Your objective
Copy exactly the lines of the data below, beginning with the line with "ключ, пластик |" and ending with the line with "Dywan ten wykonany". Pictures are to be omitted.

Supplied material
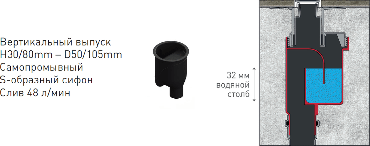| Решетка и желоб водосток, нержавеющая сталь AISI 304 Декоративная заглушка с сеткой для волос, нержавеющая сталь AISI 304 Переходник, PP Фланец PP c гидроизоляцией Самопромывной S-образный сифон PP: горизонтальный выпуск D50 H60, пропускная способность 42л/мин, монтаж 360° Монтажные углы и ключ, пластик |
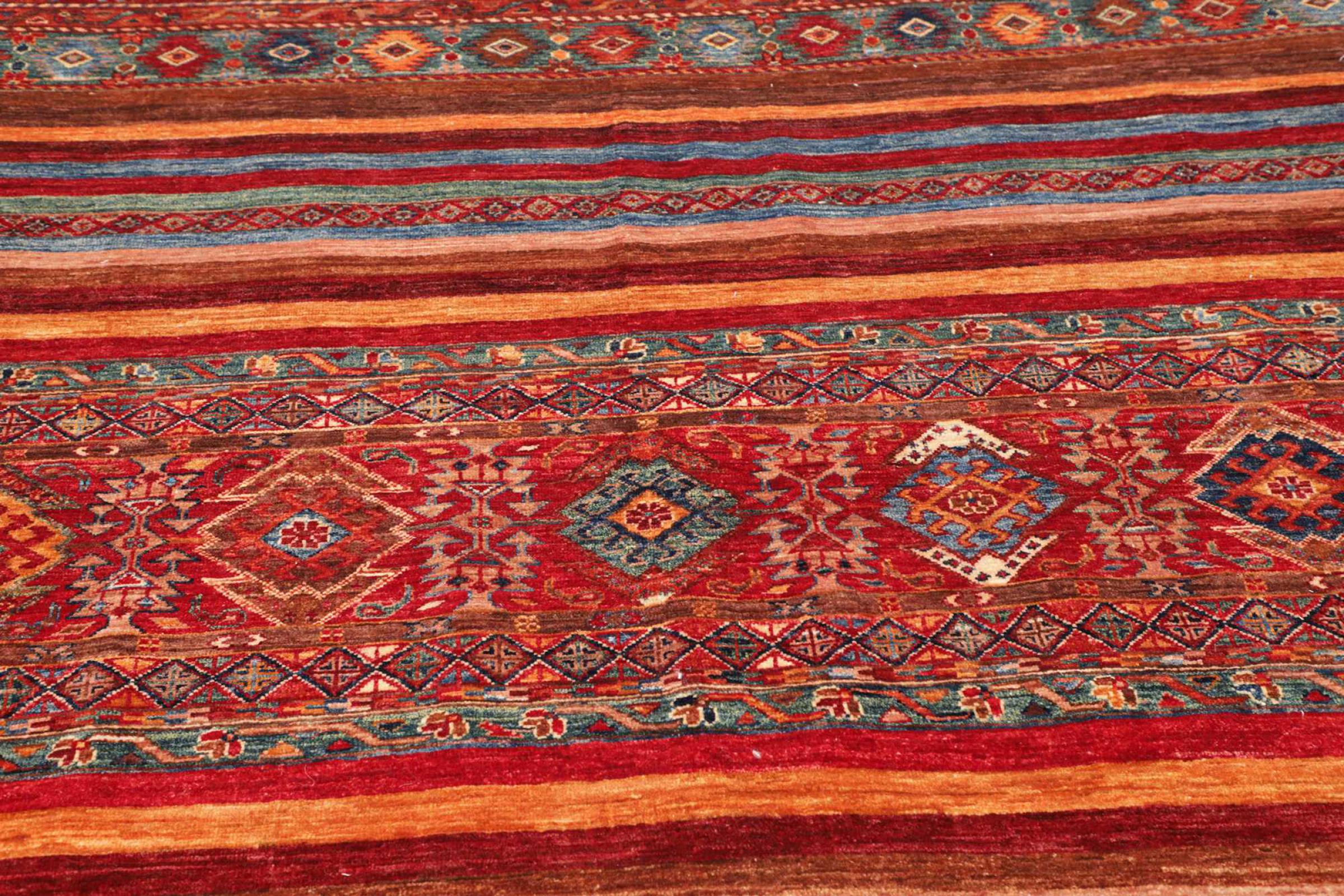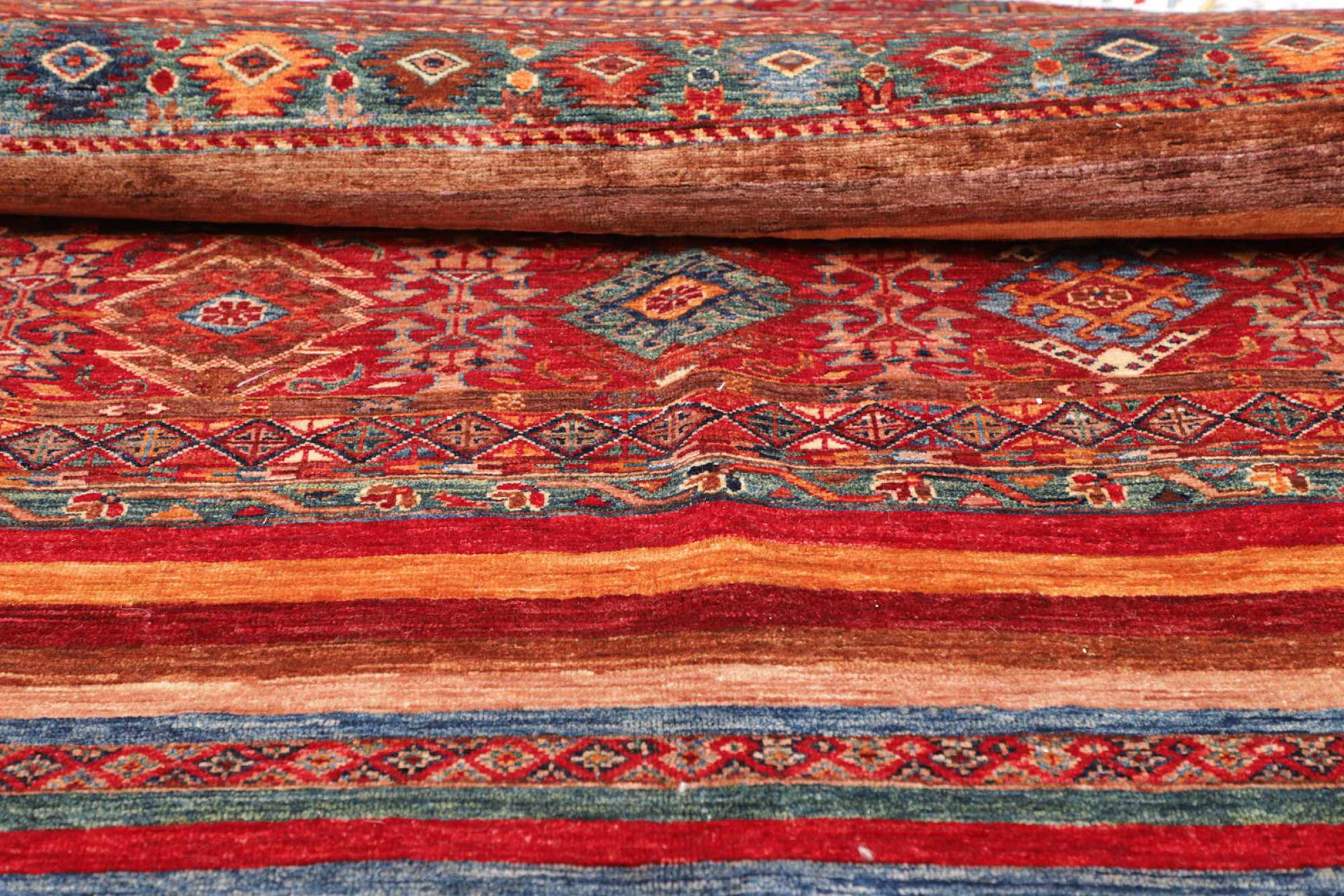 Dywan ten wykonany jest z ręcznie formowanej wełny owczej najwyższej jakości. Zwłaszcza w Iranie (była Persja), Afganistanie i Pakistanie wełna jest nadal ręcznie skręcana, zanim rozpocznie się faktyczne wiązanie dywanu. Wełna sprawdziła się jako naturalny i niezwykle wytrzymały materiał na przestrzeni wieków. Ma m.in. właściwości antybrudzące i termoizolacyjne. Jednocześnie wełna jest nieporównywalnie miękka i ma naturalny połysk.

...

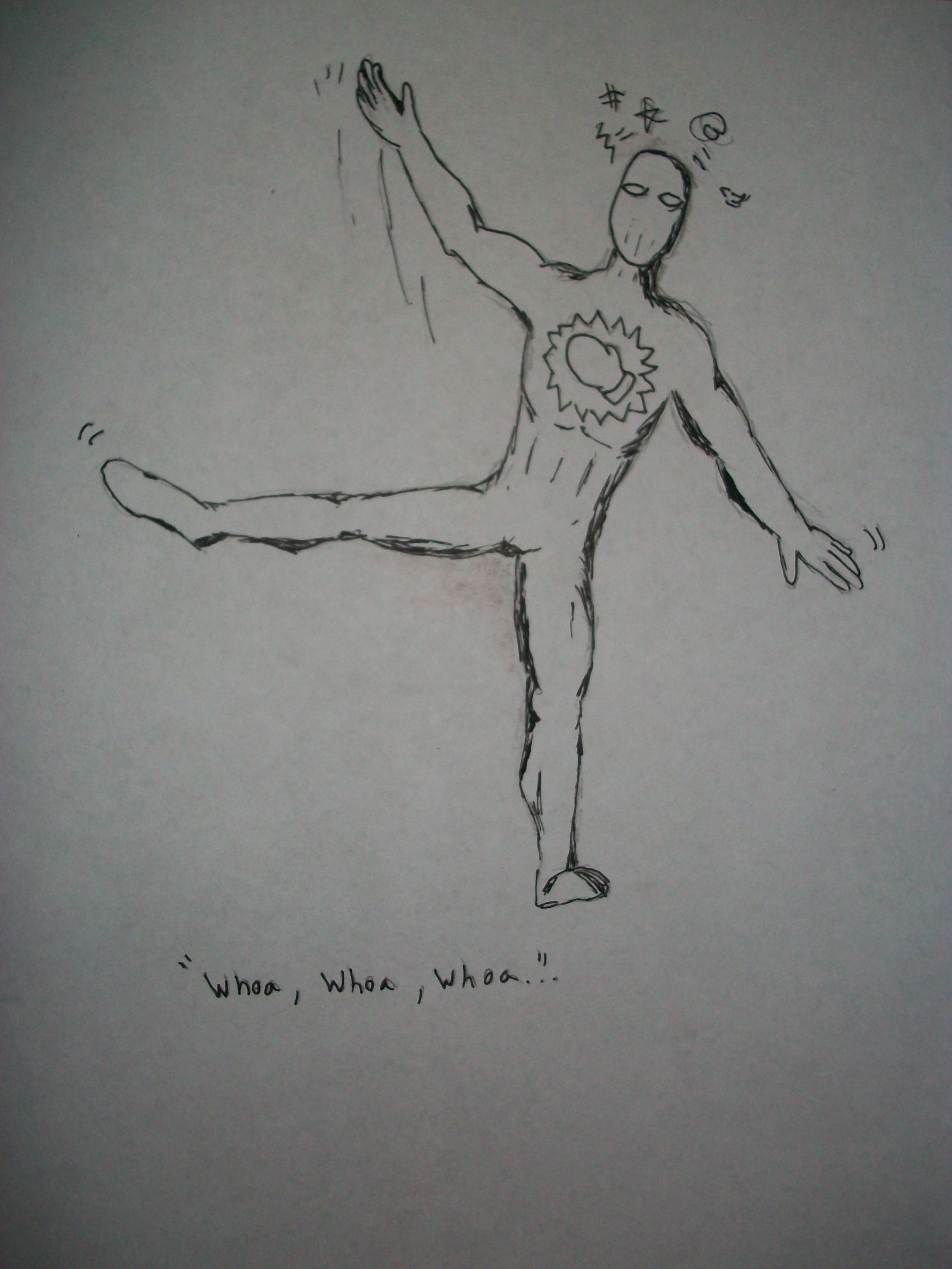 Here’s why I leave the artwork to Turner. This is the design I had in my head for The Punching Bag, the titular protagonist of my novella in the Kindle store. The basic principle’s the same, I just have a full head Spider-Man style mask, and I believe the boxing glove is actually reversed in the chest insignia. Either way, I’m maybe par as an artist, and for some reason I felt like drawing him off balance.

Answer space
| Решетка и желоб водосток, нержавеющая сталь AISI 304 Декоративная заглушка с сеткой для волос, нержавеющая сталь AISI 304 Переходник, PP Фланец PP c гидроизоляцией Самопромывной S-образный сифон PP: горизонтальный выпуск D50 H60, пропускная способность 42л/мин, монтаж 360° Монтажные углы и ключ, пластик |
 Dywan ten wykonany jest z ręcznie formowanej wełny owczej najwyższej jakości. Zwłaszcza w Iranie (była Persja), Afganistanie i Pakistanie wełna jest nadal ręcznie skręcana, zanim rozpocznie się faktyczne wiązanie dywanu. Wełna sprawdziła się jako naturalny i niezwykle wytrzymały materiał na przestrzeni wieków. Ma m.in. właściwości antybrudzące i termoizolacyjne. Jednocześnie wełna jest nieporównywalnie miękka i ma naturalny połysk.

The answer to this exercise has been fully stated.